Teach AI How to Code: Using Large Language Models as Teachable Agents for Programming Education
Hyoungwook Jin, Seonghee Lee, Hyungyu Shin, Juho Kim
TL;DR
This paper presents TeachYou, an LBT system where learners teach an LLM-based tutee (AlgoBo) to code algorithms. It introduces the Reflect-Respond prompting pipeline to confine and update AlgoBo's knowledge, Mode-shifting to induce elaboration, and Teaching Helper to provide metacognitive feedback. Technical evaluation shows that Reflect-Respond can configure, persist, and adapt AlgoBo's knowledge state, while a 40-person user study demonstrates that Mode-shifting significantly increases knowledge-building density (effect size $d=0.71$, $p=0.03$) and enhances perceived usefulness for learning. The work argues for cost-efficient, personalized, and scalable LBT with teachable agents, and discusses implications for design, personalization, and classroom deployment.
Abstract
This work investigates large language models (LLMs) as teachable agents for learning by teaching (LBT). LBT with teachable agents helps learners identify knowledge gaps and discover new knowledge. However, teachable agents require expensive programming of subject-specific knowledge.

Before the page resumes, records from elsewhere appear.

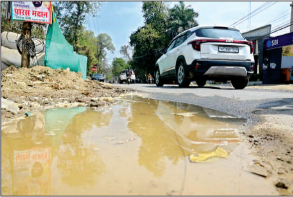
सड़क पर भरा पानी।
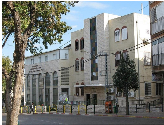
ישיבת תפארת ציון (נצח) בבני ברק

בשנה שעברה כאשר הרשויות הטילו סגרים ומגבלות שונות מחמת מגפת הקורונה, וקשרי התעופה נעשו קשים ומסוככים, לא היתה אפשרות של טיסה ישירה לארץ הקודש, והוכרח להגיע
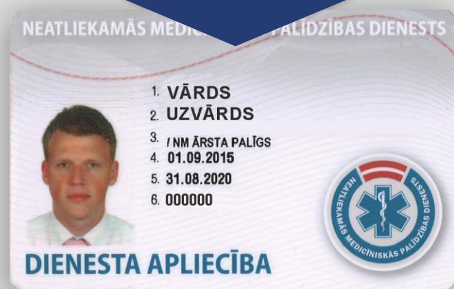
Neatliekamās medicīniskās palīdzības dienesta darbinieka apliecības paraugs

Nepieciešamības gadījumā Neatliekamās medicīniskās palīdzības dienesta darbiniekam var lūgt uzrādīt dienesta apliecību.
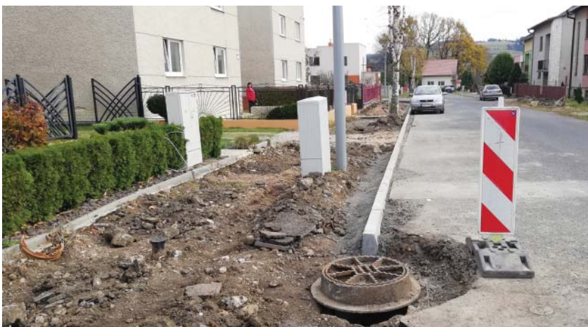
• Výstavba nového chodníka na Krátkej ulici.
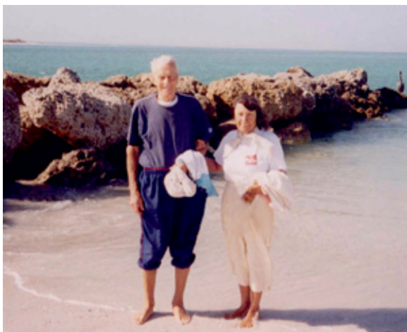
Moji roditelji, u šetnji plažom Longboat Key.
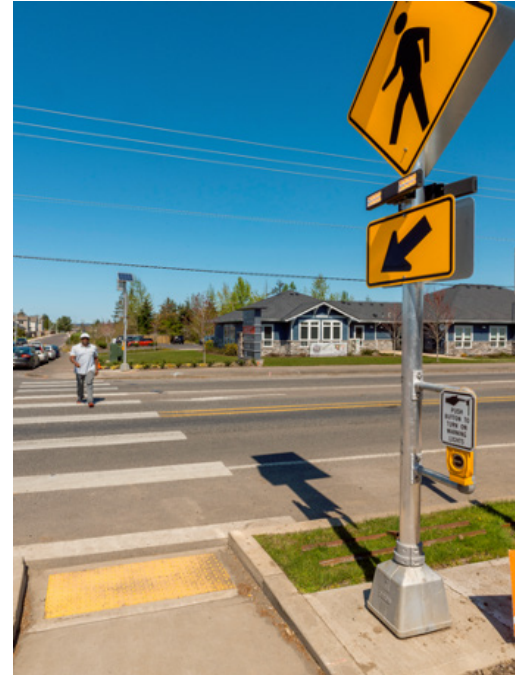
Ejemplo de un cruce con baliza rectangular de intermitencia rápida (RRFB) finalizado, lo que permite el cruce de peatones más seguro y visible.
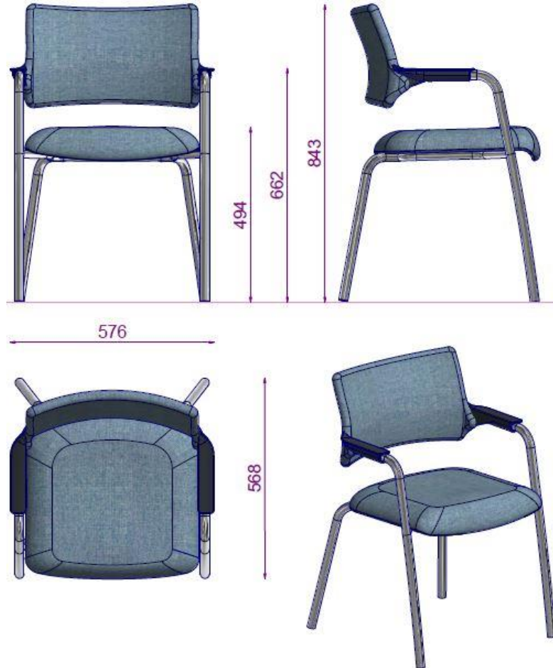
TRISTAN S6 21DS MISAFIR SANDALYESİ
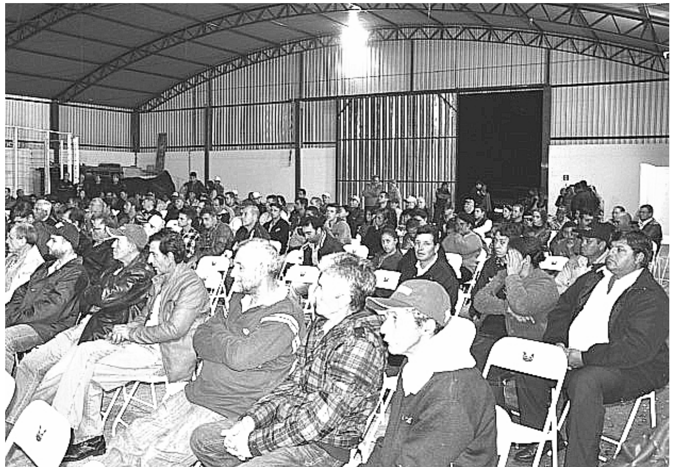
Evento reuniu cerca de 250 pessoas. Expectativa é lucro de até R$ 5 mil por produtor

Quem quiser saber mais informações sobre o projeto de implantação das granjas pode procurar a Secretaria Municipal de Agricultura, que fica na rua Frei Caneca, 1443, no Centro. O telefone é 15-3532-2457.
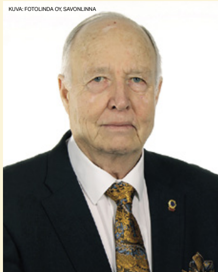
IPDG ARI ORA
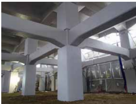
耐震補強された高架橋

1995年に発生した阪神・淡路大震災で鉄道施設が大きな被害を受けたことから、同年、国土交通省(旧運輸省)から高架橋やトンネルなどの耐震性を高める工事の通達が出され、対象となる箇所耐震補強を完了しています。また、東急線では、その後に国土交通省から出された通達基準に加え、災害時の復旧困難性や老朽化なども考慮して、通達基準対象外の箇所も耐震性を検証し、順次補強工事を行っています。さらに、東日本大震災を踏まえて、今後発生が予想される首都直下地震に備え、現在進めている駅・高架橋・トンネルなどの耐震補強計画を見直し、工事完了時期を2年間前倒しました。また、これまでの取り組みから対象範囲を拡大して、高架橋・トンネル・盛土・擁壁などのさらなる耐震対策にも着手します。
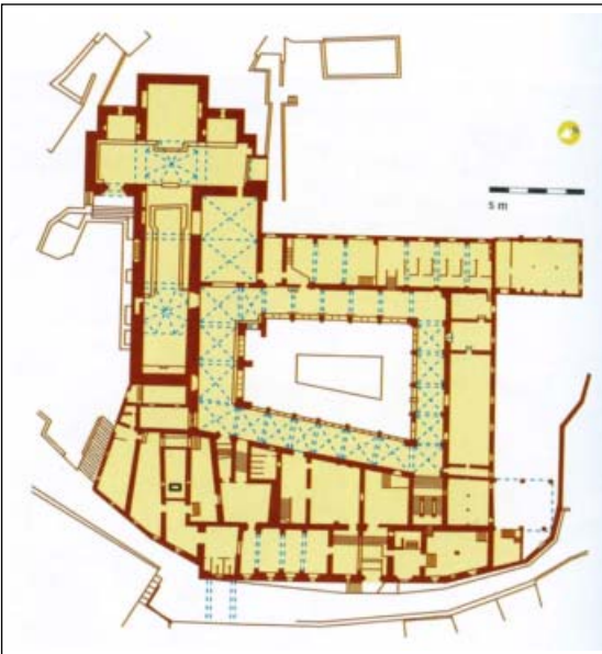
VALLBONA DE LES MONGES. Planta (Guies del Romànic).

construcció de granges i pobles i també crearen diverses filials. El 1380 l'abadessa comprà al rei Pere III, la plena jurisdicció (civil i criminal) de totes les seves possessions. En aquesta època la comunitat, la formaven unes 150 monges.
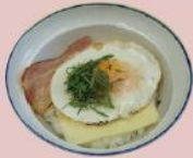
4ページ 目玉焼き丼
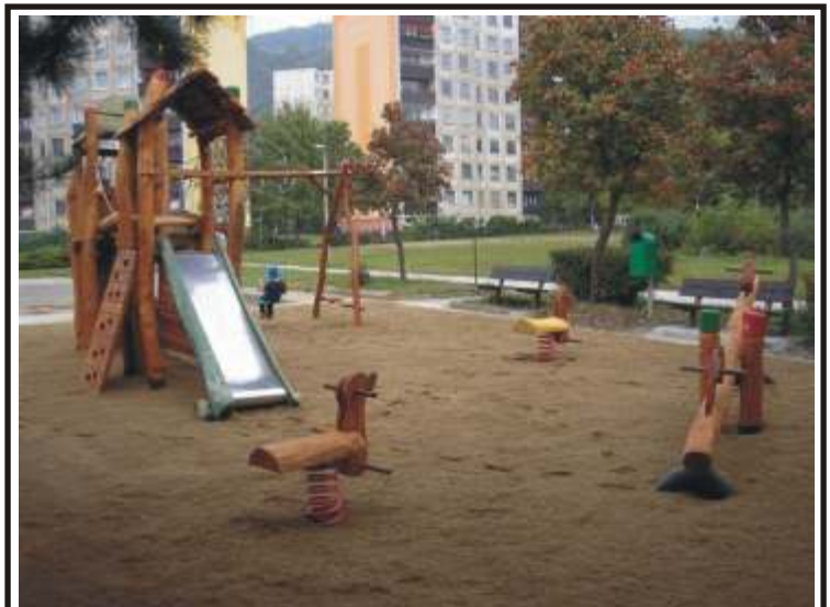
Nové dětské hřiště vzniklo v sídlišti Krásné Březno. Radnice ho nechala postavit za peníze, které ušetřila v letošním roce. Na jeho stavbě se podíleli i veřejně prospěšní pracovníci.
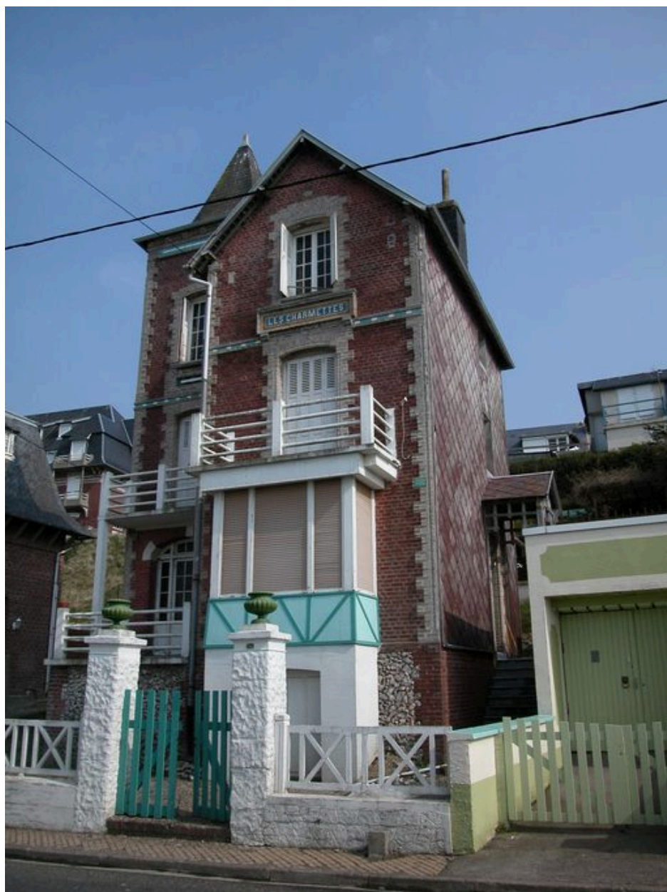
Vue de trois-quarts sur élévations antérieure et latérale droite.
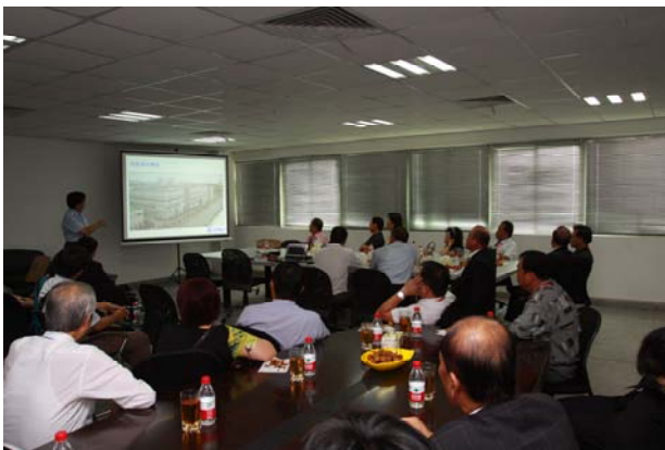
參訪廈門臺商拓凱公司
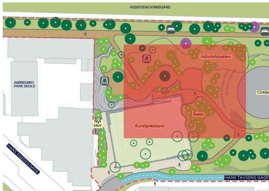
Eksempel på placering af 8v8 bane (ekskl. sikkerhedsafstand) i forhold til det nuværende projektforslag.
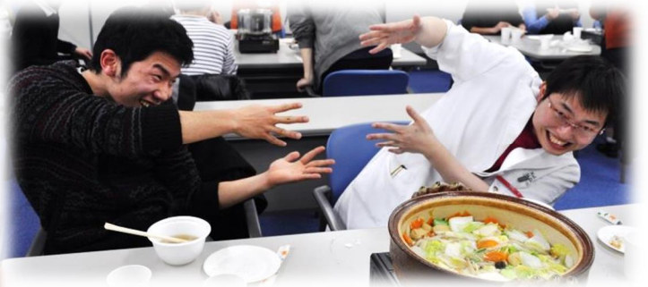
↑↑↑とても気さくな石井先生(*^ω^*)ニコッ
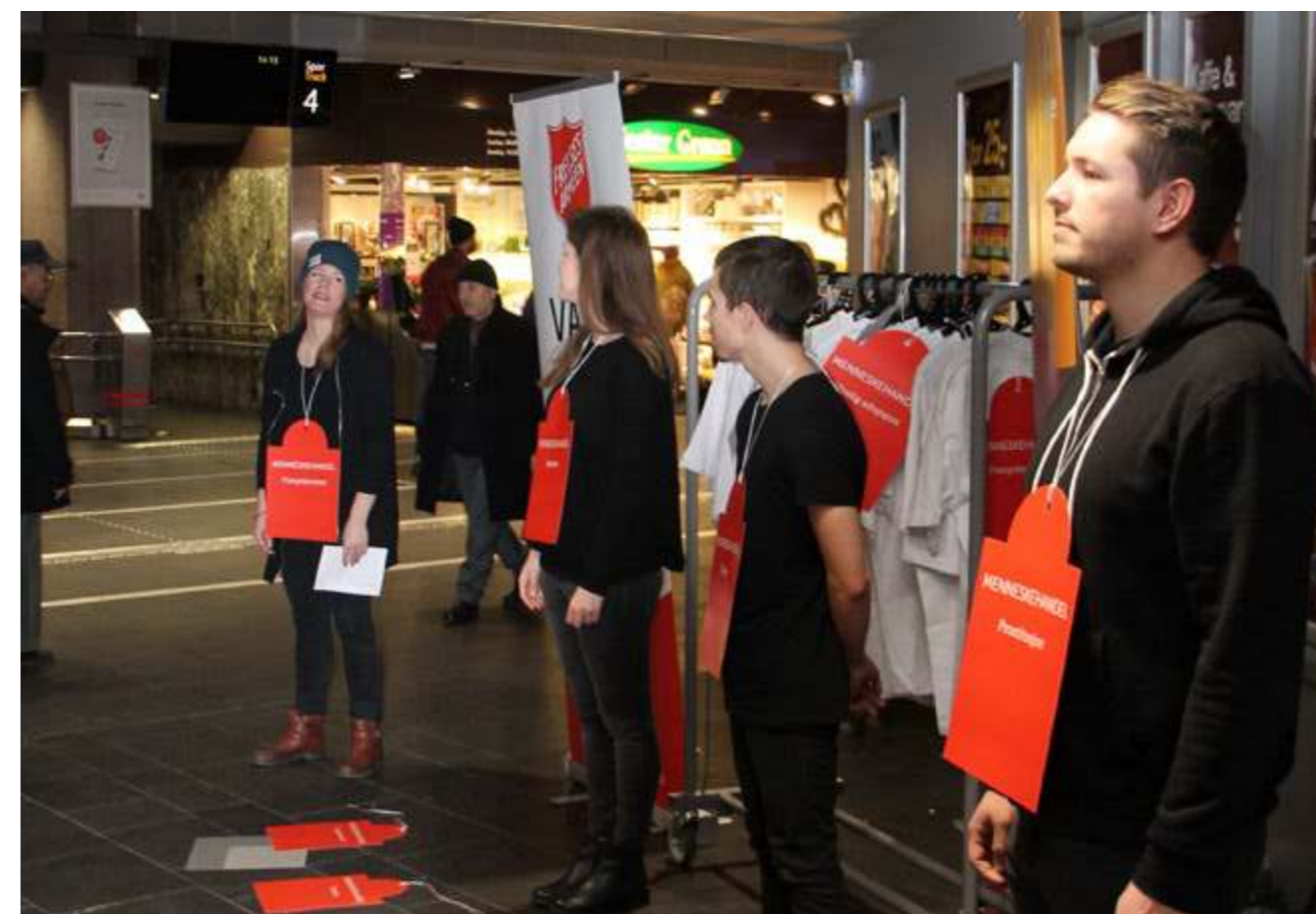
Norges Kristne Råd og Frelsesarmeen makerte Global uke med et stunt op Oslo Sentralstasjon, der personer stod oppstilt med store prislapper om halsen. 500 flyers med info om moderne slaveri ble utdelt på 30 min.
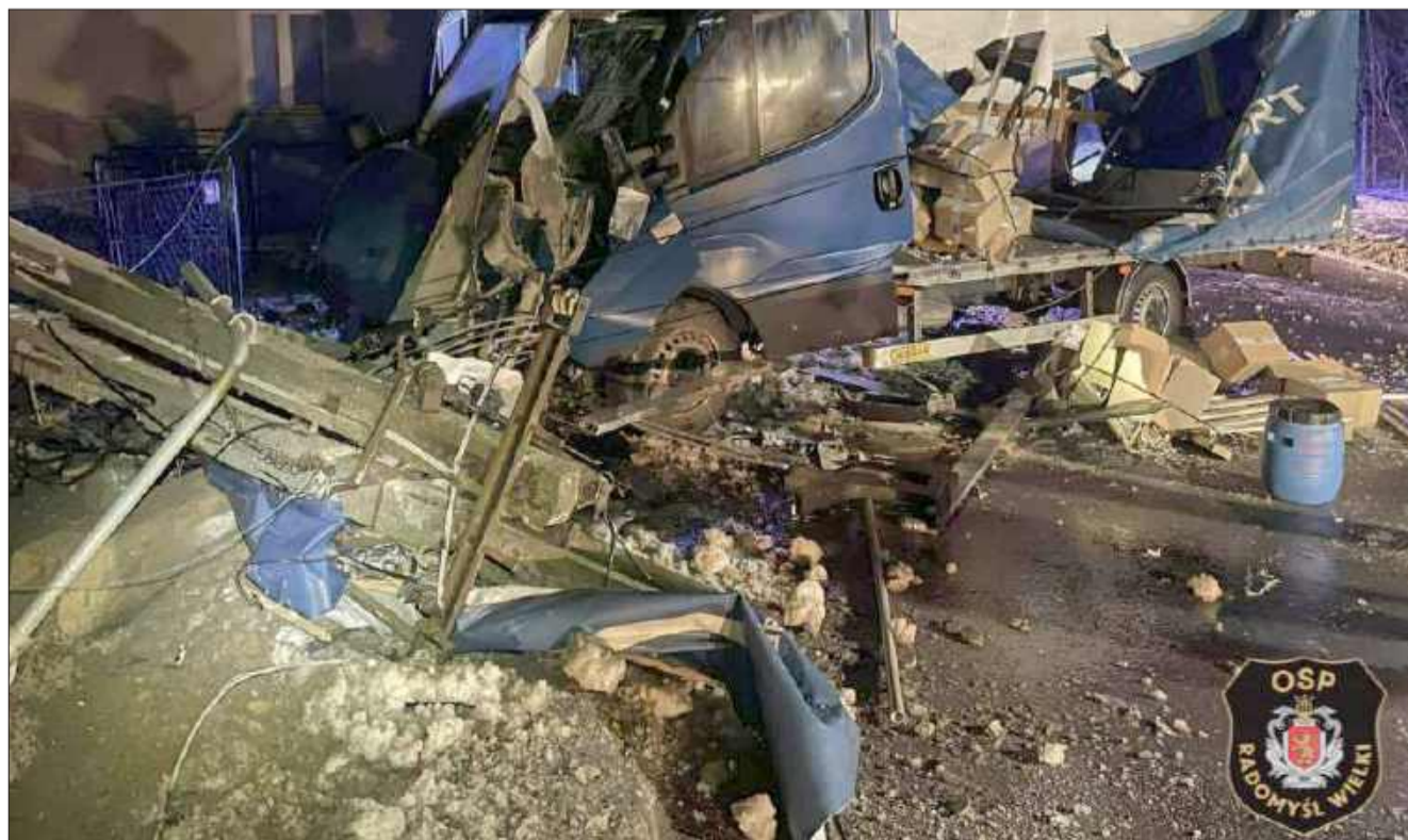
Kierujący został przewieziony do szpitala.
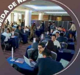
Sobre mil reuniones de negocios y 600 empresas asistentes, a este networking con proveedores.
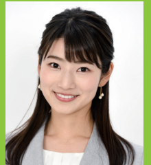
安藤萌々 (テレビ朝日アナウンサー)
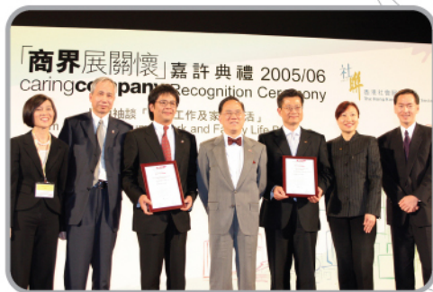
東華三院與香港會計師公會合辦「健康理財家庭輔導計劃」獲頒「傑出伙伴合作計劃獎」

While LLMs as teachable agents can reduce the cost, LLMs' expansive knowledge as tutees discourages learners from teaching. We propose a prompting pipeline that restrains LLMs' knowledge and makes them initiate "why" and "how" questions for effective knowledge-building. We combined these techniques into TeachYou, an LBT environment for algorithm learning, and AlgoBo, an LLM-based tutee chatbot that can simulate misconceptions and unawareness prescribed in its knowledge state. Our technical evaluation confirmed that our prompting pipeline can effectively configure AlgoBo's problem-solving performance. Through a between-subject study with 40 algorithm novices, we also observed that AlgoBo's questions led to knowledge-dense conversations (effect size=0.71). Lastly, we discuss design implications, cost-efficiency, and personalization of LLM-based teachable agents.